▸ TASK INPUTS:

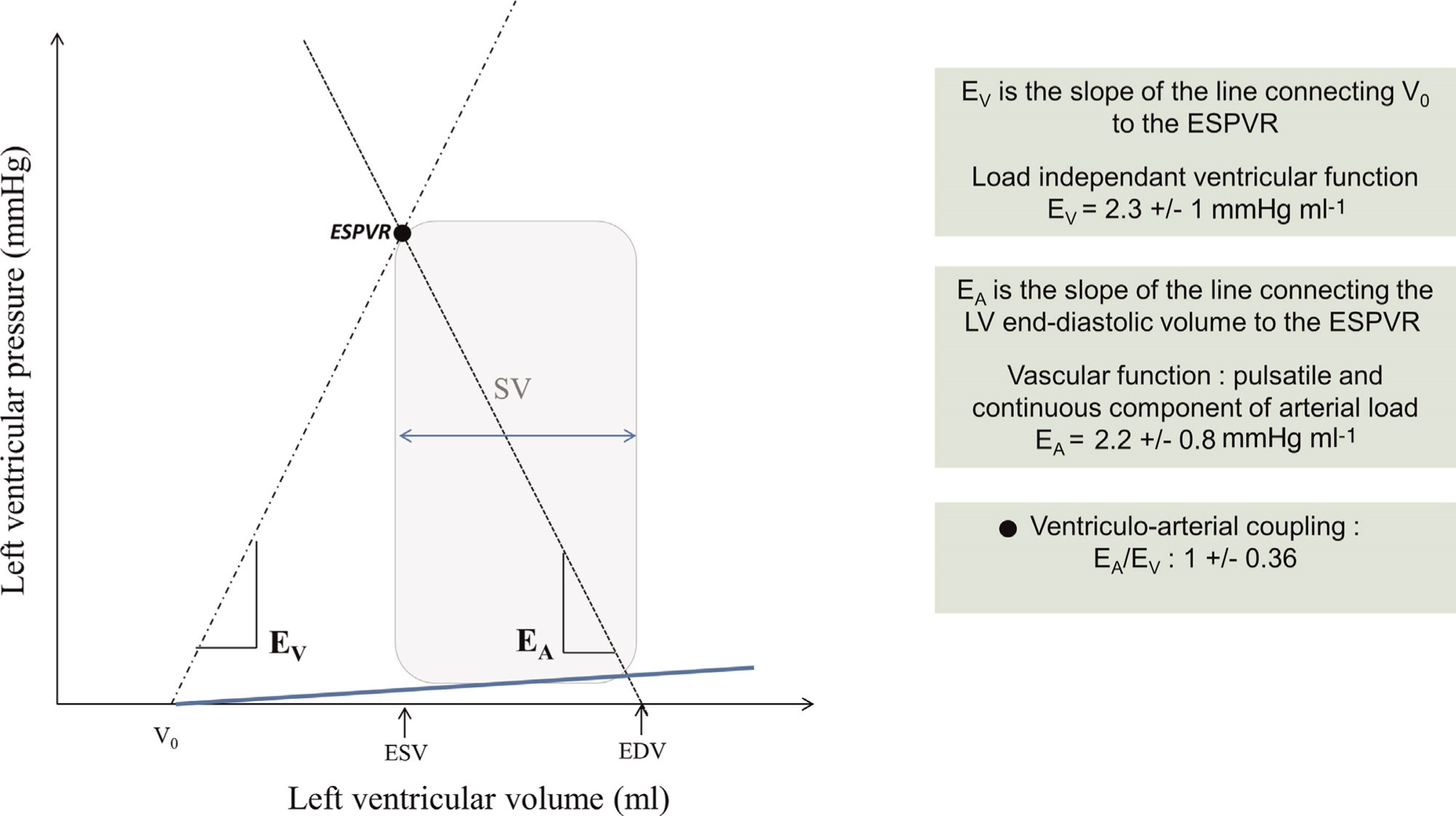 “we can describe the arterial load by the slope of the relationship between the stroke volume (SV) and end-systolic arterial pressure: the arterial effective elastance (EA” Go to annotation (Guinot et al., 2022, p. 3)
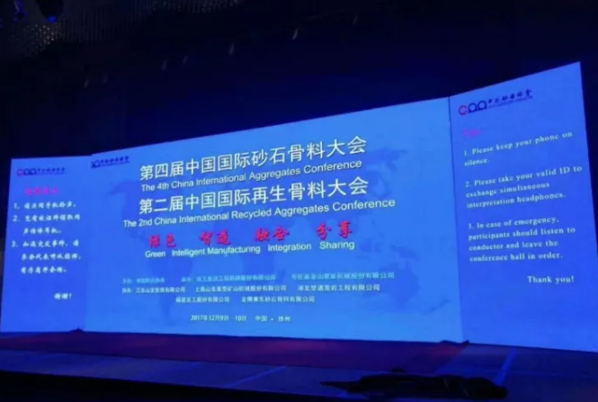 2017年12月9日,以“綠色 智造 融合 分享 綠水青山新畫(huà)卷 一帶一路新樂(lè )章”為主題的第四屆中國國際砂石骨料大會(huì )在徐州召開(kāi)。共有來(lái)自英國、南非、西班牙、新加坡、印度、和“一帶一路”沿線(xiàn)部分國家代表等國際嘉賓、有關(guān)政府部門(mén)領(lǐng)導,國內外專(zhuān)家、學(xué)者和砂石骨料行業(yè)企業(yè)代表共計700余人出席了本次大會(huì )。
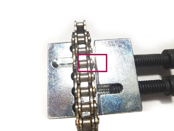 1. Place your chain in the breaker, with the chain pin you want to remove in-line with the Pin Screw. *TIP: Spray some lubricant/chain lube on the chain pin you’re going to remove to make the process easier and avoid damaging the inside of the roller.
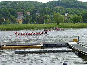 Nach einer sehr kurzen Verschnaufpause und einer klitzekleinen Bootsumbesetzung gings zum Start für die Königsdisziplin. Und dieser Start war wirklich wirklich genial. Das Boot war wach. Schon nach dem „Go“ holten wir uns einen Vorsprung von mehreren Bootslängen heraus. Vor uns das Blaue Wunder, hinter uns das Getrommel der restlichen Armada. Und es hätte so schön bleiben können…. Wäre da nicht die Wende gekommen. Die Hallenser überschätzten wohl unsere Geschwindigkeit an der Wende und rammten unser Heck, daraufhin wurden wir einige Meter Richtung Radebeul getrieben. Wir mussten erstmal wieder ausparken, realisieren was passiert war und sahen nun vor uns alle anderen Boote davon fahren. Nach einem lauten Schrei von Charles „das Rennen ist noch nicht vorbei“ und den „Auf geht’s"-Rufen von Babs reichte unser Adrenalin aus, um sehr bald schon wieder aufzuschließen.
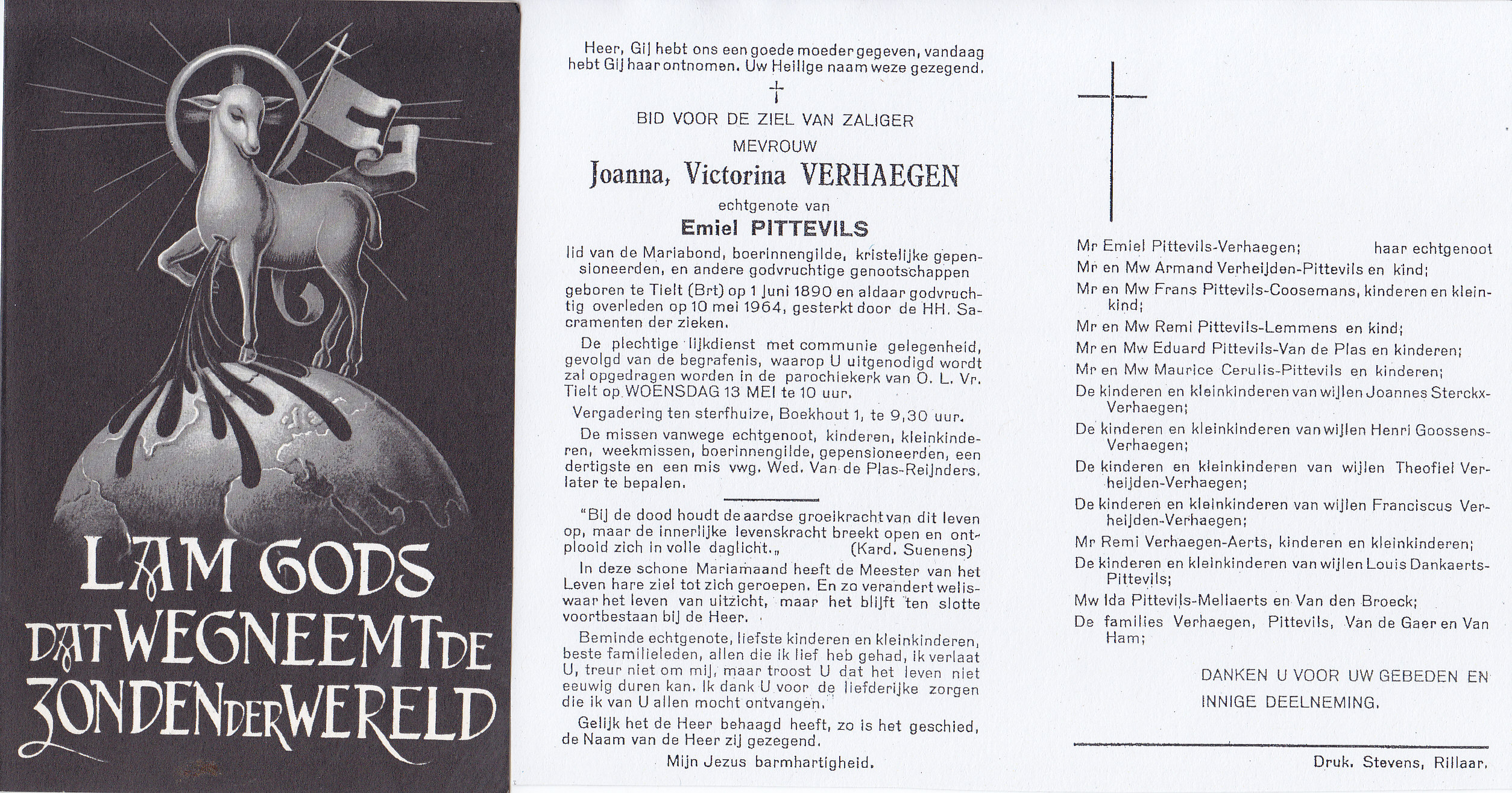 - BeschrijvingDoodsprentje Joanna, Victorina Verhaegen Echtgenote Emiel Pittevils Lid van van de Mariabond, boerinnengilde, kristelijke gepensioneerden en andere godvruchtige genootschappen
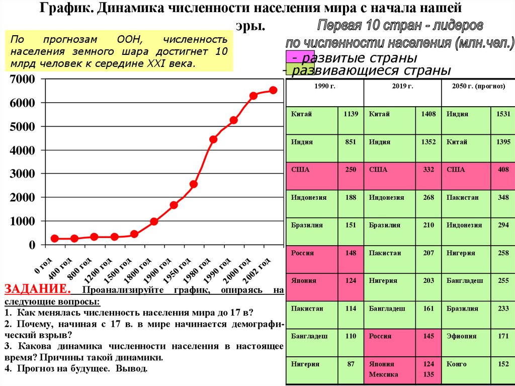 График. Динамика численности населения мира с начала нашейэры.
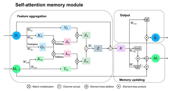 The SAM module takes two inputs: the current time step’s feature  and the previous memory state , which memorizes long-term spatial dependencies []. It outputs an updated memory state  and a fused feature . The detailed structure of SAM is shown in Figure 2.
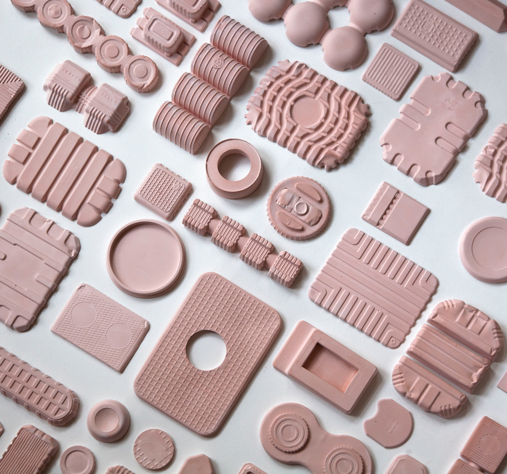 The different scales and textures formed through casting create a panoramic view of containers. The positive and negative spaces play equal importance.
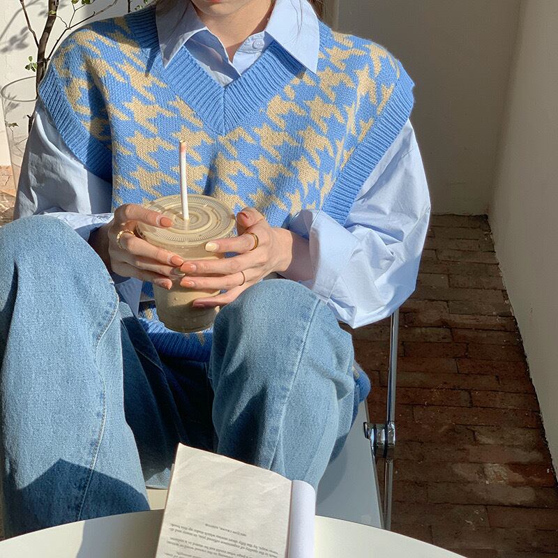 Vネック千鳥格子ニットベスト ニットベスト ベスト チェック柄 セーターベスト レディース ノースリーブ ベストジャケット 学生. オフィスコーデ オルチャン C718
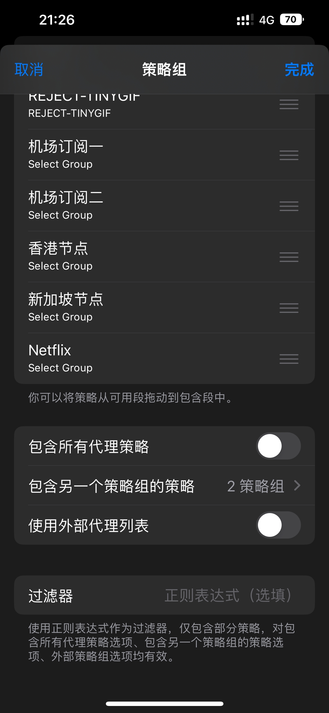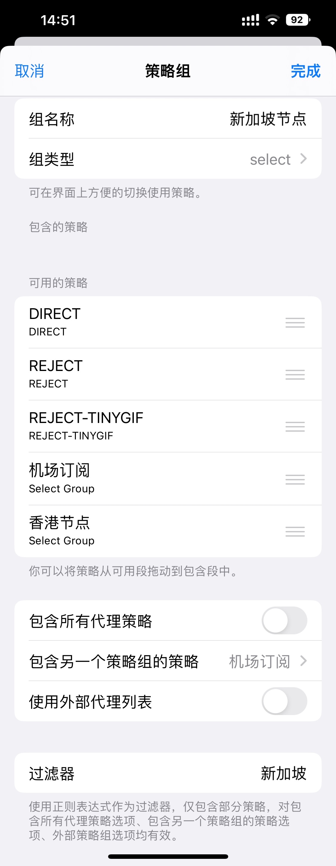 前面方法类似,新建策略组,命名为新加坡节点,但是这里不使用外部代理列表,而是选择包含另外一个策略组的策略,并选中包含所有节点的机场订阅,并在底下的正则筛选中输入新加坡,就会得到一个只包含新加坡的节点的策略组了。
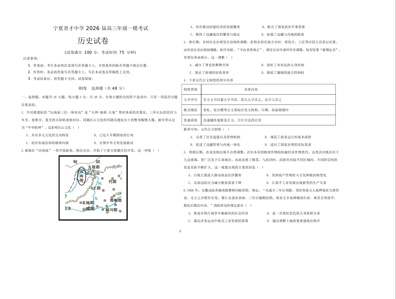 宁夏育才中学2026届高三年级一模考试 历史.docx
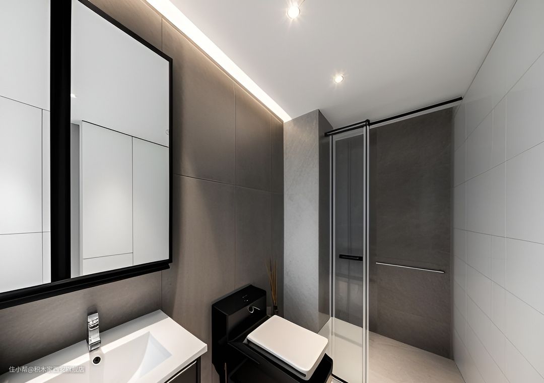 现代感的卫生间设计,采用了黑白灰三色为主调。洗手台上方的大镜子增强了空间感,同时也方便使用者整理仪容。马桶旁的淋浴区由透明玻璃隔断开来,保持了视觉上的开阔性。墙面和地面均铺设了灰色瓷砖,给人一种沉稳大气的感觉。此外,浴室柜和马桶也都选择了简约风格的设计,与整体氛围相得益彰。顶部的隐藏式灯光提供了柔和的照明效果。整个空间布局紧凑而不局促,细节处理到位,体现了设计师对生活品质的追求。

▸ YOUR OBJECTIVE: Retype every entry exactly as written. Leave the pictures out.

▸ EXERCISE SOLUTION:
 “we can describe the arterial load by the slope of the relationship between the stroke volume (SV) and end-systolic arterial pressure: the arterial effective elastance (EA” Go to annotation (Guinot et al., 2022, p. 3)
 2017年12月9日,以“綠色 智造 融合 分享 綠水青山新畫(huà)卷 一帶一路新樂(lè )章”為主題的第四屆中國國際砂石骨料大會(huì )在徐州召開(kāi)。共有來(lái)自英國、南非、西班牙、新加坡、印度、和“一帶一路”沿線(xiàn)部分國家代表等國際嘉賓、有關(guān)政府部門(mén)領(lǐng)導,國內外專(zhuān)家、學(xué)者和砂石骨料行業(yè)企業(yè)代表共計700余人出席了本次大會(huì )。
 1. Place your chain in the breaker, with the chain pin you want to remove in-line with the Pin Screw. *TIP: Spray some lubricant/chain lube on the chain pin you’re going to remove to make the process easier and avoid damaging the inside of the roller.
 Nach einer sehr kurzen Verschnaufpause und einer klitzekleinen Bootsumbesetzung gings zum Start für die Königsdisziplin. Und dieser Start war wirklich wirklich genial. Das Boot war wach. Schon nach dem „Go“ holten wir uns einen Vorsprung von mehreren Bootslängen heraus. Vor uns das Blaue Wunder, hinter uns das Getrommel der restlichen Armada. Und es hätte so schön bleiben können…. Wäre da nicht die Wende gekommen. Die Hallenser überschätzten wohl unsere Geschwindigkeit an der Wende und rammten unser Heck, daraufhin wurden wir einige Meter Richtung Radebeul getrieben. Wir mussten erstmal wieder ausparken, realisieren was passiert war und sahen nun vor uns alle anderen Boote davon fahren. Nach einem lauten Schrei von Charles „das Rennen ist noch nicht vorbei“ und den „Auf geht’s"-Rufen von Babs reichte unser Adrenalin aus, um sehr bald schon wieder aufzuschließen.
 - BeschrijvingDoodsprentje Joanna, Victorina Verhaegen Echtgenote Emiel Pittevils Lid van van de Mariabond, boerinnengilde, kristelijke gepensioneerden en andere godvruchtige genootschappen
 График. Динамика численности населения мира с начала нашейэры.
 The SAM module takes two inputs: the current time step’s feature  and the previous memory state , which memorizes long-term spatial dependencies []. It outputs an updated memory state  and a fused feature . The detailed structure of SAM is shown in Figure 2.
 The different scales and textures formed through casting create a panoramic view of containers. The positive and negative spaces play equal importance.
 Vネック千鳥格子ニットベスト ニットベスト ベスト チェック柄 セーターベスト レディース ノースリーブ ベストジャケット 学生. オフィスコーデ オルチャン C718
 前面方法类似,新建策略组,命名为新加坡节点,但是这里不使用外部代理列表,而是选择包含另外一个策略组的策略,并选中包含所有节点的机场订阅,并在底下的正则筛选中输入新加坡,就会得到一个只包含新加坡的节点的策略组了。
 宁夏育才中学2026届高三年级一模考试 历史.docx
 现代感的卫生间设计,采用了黑白灰三色为主调。洗手台上方的大镜子增强了空间感,同时也方便使用者整理仪容。马桶旁的淋浴区由透明玻璃隔断开来,保持了视觉上的开阔性。墙面和地面均铺设了灰色瓷砖,给人一种沉稳大气的感觉。此外,浴室柜和马桶也都选择了简约风格的设计,与整体氛围相得益彰。顶部的隐藏式灯光提供了柔和的照明效果。整个空间布局紧凑而不局促,细节处理到位,体现了设计师对生活品质的追求。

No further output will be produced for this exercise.